The filing explains the selling stockholders retain discretion over whether, when and how many of the registered shares are offered for sale. Those sales, if they occur, may be conducted as public offerings or in private transactions and could be priced at prevailing market prices or at negotiated prices, depending on the arrangements the selling stockholders choose.

As noted in the registration statement, Wolfspeed's common stock closed at $55.42 per share on June 8, 2026, on the New York Stock Exchange. The registration itself does not require the selling stockholders to sell any of the registered shares; it simply enables them to offer the shares if and when they elect to do so.

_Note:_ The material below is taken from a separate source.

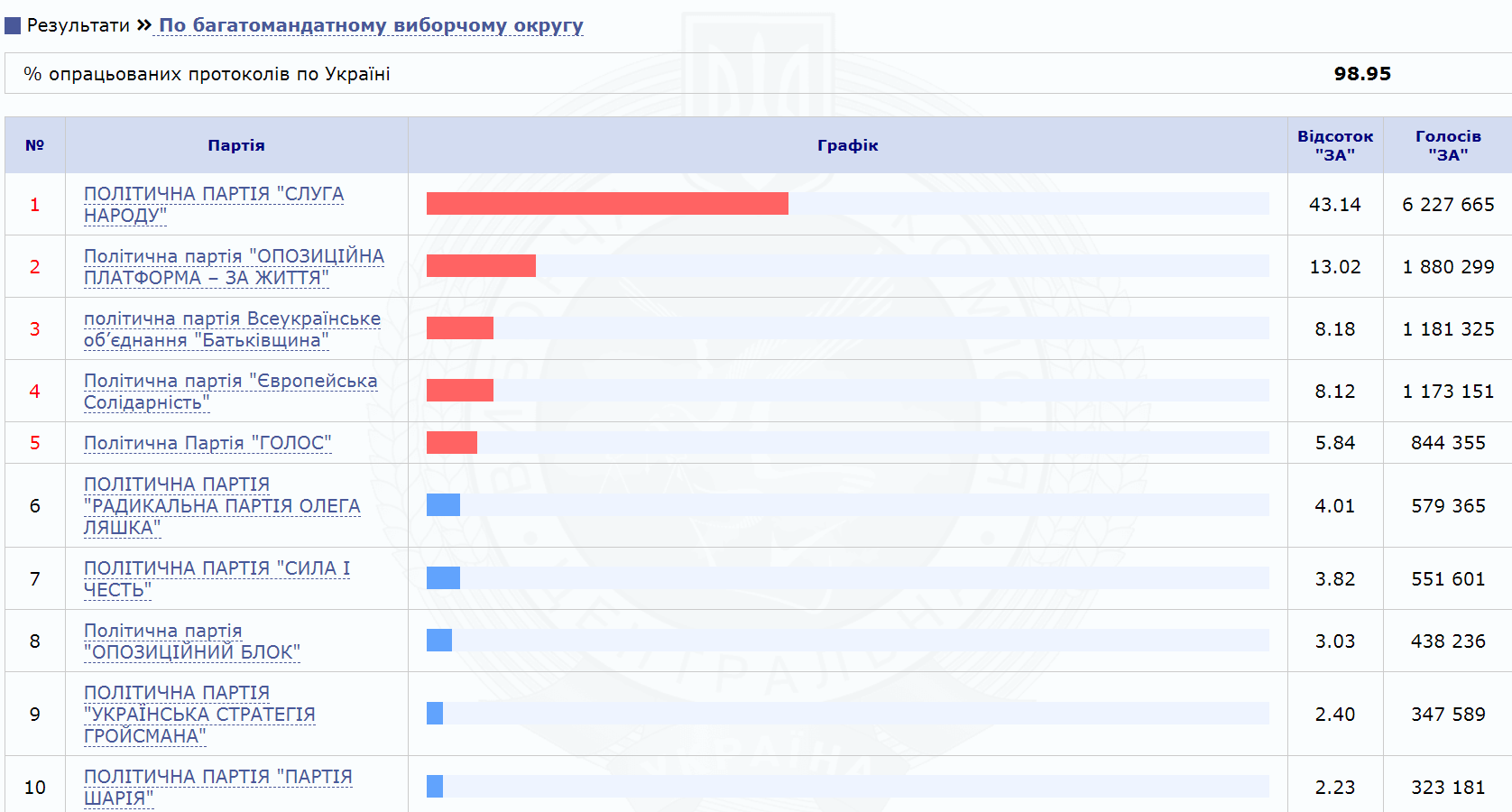 По состоянию на 06:50, 24 июля, Центральная избирательная комиссия обработала 98,95% протоколов внеочередных парламентских выборов. В лидерах "Слуга народа" и "Оппозиционная платформа", на третьем месте "Батькивщина", незначительно опережающая "Европейскую солидарность".

The filing provides a clear accounting of the share categories that make up the 24,072,041 registered shares and outlines the limits of the company's involvement - covering registration costs but not participating in any sale proceeds. The selling stockholders' sole discretion over timing, pricing and the decision to sell means the ultimate size and timing of any market transactions remain uncertain.

Risks

  • Potential increase in share supply if selling stockholders elect to offer registered shares - impacts the equity market for Wolfspeed and the semiconductor sector.
  • Uncertainty over timing and amount of any sales since selling stockholders retain sole discretion - creates market unpredictability for Wolfspeed shares and related equity trading.
  • Convertible note conversions and warrant exercises could change the composition of outstanding shares if stockholders choose to convert or exercise their instruments - affects Wolfspeed's capital structure and investor view of dilution.